Measure the economic value your AI coding work creates per dollar of compute — from real session telemetry, not vibes.

        Economic Value Created
ROT  =  ────────────────────────
        Total AI Deployment Cost

ROT instruments your Claude Code sessions and reports how much engineering time the AI gave back, priced against what it cost. It is built around one discipline: it never invents the value. It separates what it can measure from session logs from what you have to supply yourself, and labels each.

Two numbers, never conflated

Metric What it captures Source
Token/Time ROT Recovered engineering time ÷ compute cost Measured from session logs
Full-business ROT Adds cost savings, revenue, risk reduction Business inputs you supply — flagged as assumptions

The numerator term ROT can ground is time: active session time × a per-task "how long would this take me solo" multiplier × your $/hr. The business-outcome terms live in no log, so they're solicited via flags, never fabricated.

Example ROT report (synthetic demo data)

Install

Requires Python 3.9+ and jq (the jq is only used by the session hook). No dependencies beyond the standard library.

# as a CLI, straight from GitHub
pipx install git+https://github.com/escotilha/rot-cli
# or: uv tool install git+https://github.com/escotilha/rot-cli

# or from a clone (editable)
git clone https://github.com/escotilha/rot-cli.git
cd rot-cli && pip install -e .

Wire the collector into your Claude Code settings.json so every session is logged automatically:

{
  "hooks": {
    "SessionEnd": [
      { "hooks": [{ "type": "command", "command": "/abs/path/to/rot-cli/rot/hook-collect.sh" }] }
    ]
  }
}

That's the whole install — the hook appends one row per session to ~/.rot/ledger.jsonl (override with ROT_LEDGER). Installed via pipx/uv with no clone on disk? The hook script ships inside the package — rot doctor prints its absolute path. Verify everything with:

rot doctor    # hook wired? ledger growing? all models covered by the rate table?

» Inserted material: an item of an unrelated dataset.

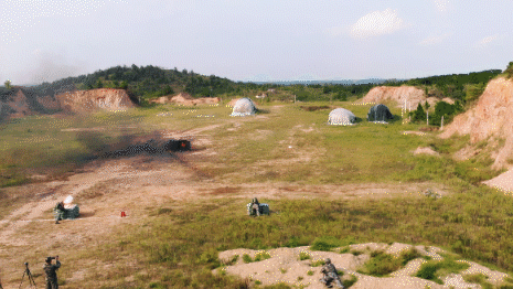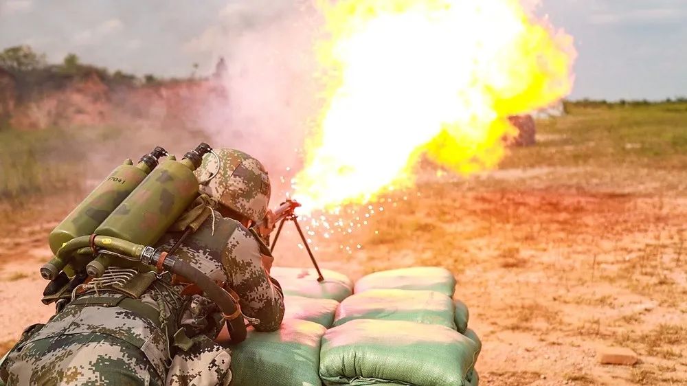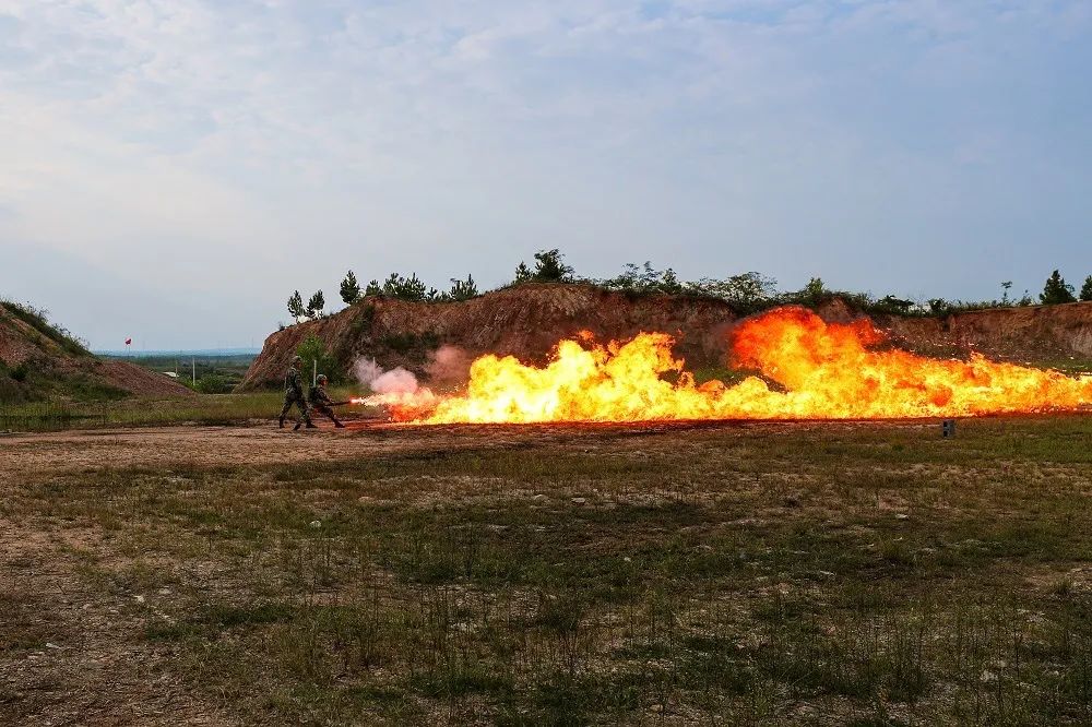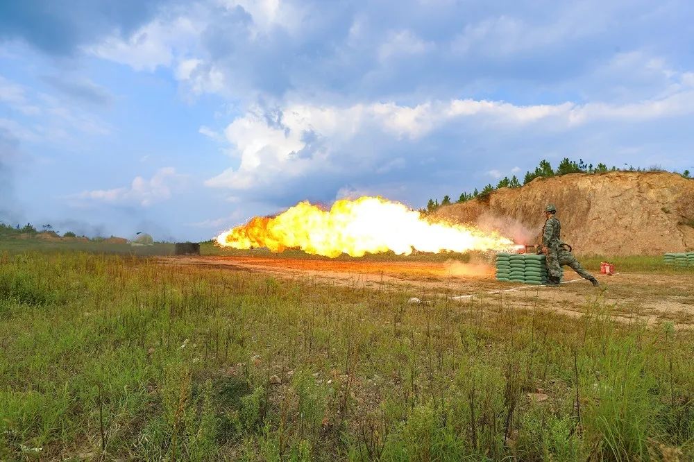 遠處的“敵碉堡”瞬間被火焰吞噬

Try it now (synthetic demo)

No session history yet? Seed a fake ledger and run a report:

ROT_LEDGER=/tmp/demo.jsonl rot demo
ROT_LEDGER=/tmp/demo.jsonl rot report --since 90d

(All demo numbers are fabricated for illustration — see examples/.)

Use it

# Seed from your existing Claude Code transcripts (one-time)
rot backfill

# Standard report
rot report --since 30d

# Scope to a project / get JSON
rot report --since 30d --project web-app --json

# REAL CASH: if you're on a flat plan, price against the actual fee
rot report --since 30d --flat-cost 200 --months 1

# Fold in substantiated business outcomes (Full-business ROT)
rot report --since 30d --cost-savings 40000 --risk-reduction 15000

# Render a shareable HTML report
rot report --since 90d --json | rot html --out /tmp/rot.html

# Annualized projection (clearly labeled as projection)
rot report --since 30d --flat-cost 200 --months 1 --json | rot annualize

# Professional one-pager — asks for your rate/plan/business inputs, then
# renders a print-ready page (Enter accepts defaults; --no-input to script it)
rot onepager

Every subcommand is also directly runnable without installing (python3 rot/rot_report.py --since 30d, ./rot/backfill.sh).

How it stays honest

  • Subagent tokens count. Agent-tool and workflow fan-outs write their transcripts to subagents/ next to the main session file — often the majority of a session's spend. The collector folds them into the session's cost, so heavy agentic work can't fly under the denominator.
  • Active time, not calendar time. Idle gaps between turns are capped (default 30 min, max_idle_gap_seconds), so a session left open overnight doesn't claim hours it didn't work. Subagent activity never extends active time — they run in parallel with you.
  • Grounded denominator. Compute cost = actual token counts × public API rates (longest-prefix matched, so dated model IDs price correctly; unknown models price at the top tier, which under-states ROT). On a flat plan, --flat-cost swaps in the real subscription fee instead.
  • Every assumption is in rot/rot_config.json and printed in every report — $/hr, the per-task counterfactual multipliers, and the task-classifier patterns. Tune them to your reality; the defaults are deliberately conservative.
  • Projection ≠ measurement. The annualizer extrapolates one measured window forward and says so on every line.

Privacy

The ledger stores no prompt text and no code. Task classification reads your prompts in memory, but what lands on disk per session is only: token counts by model, timestamps, a task-type label, the working directory, skill names, and turn counts. Safe to keep, safe to share in a report.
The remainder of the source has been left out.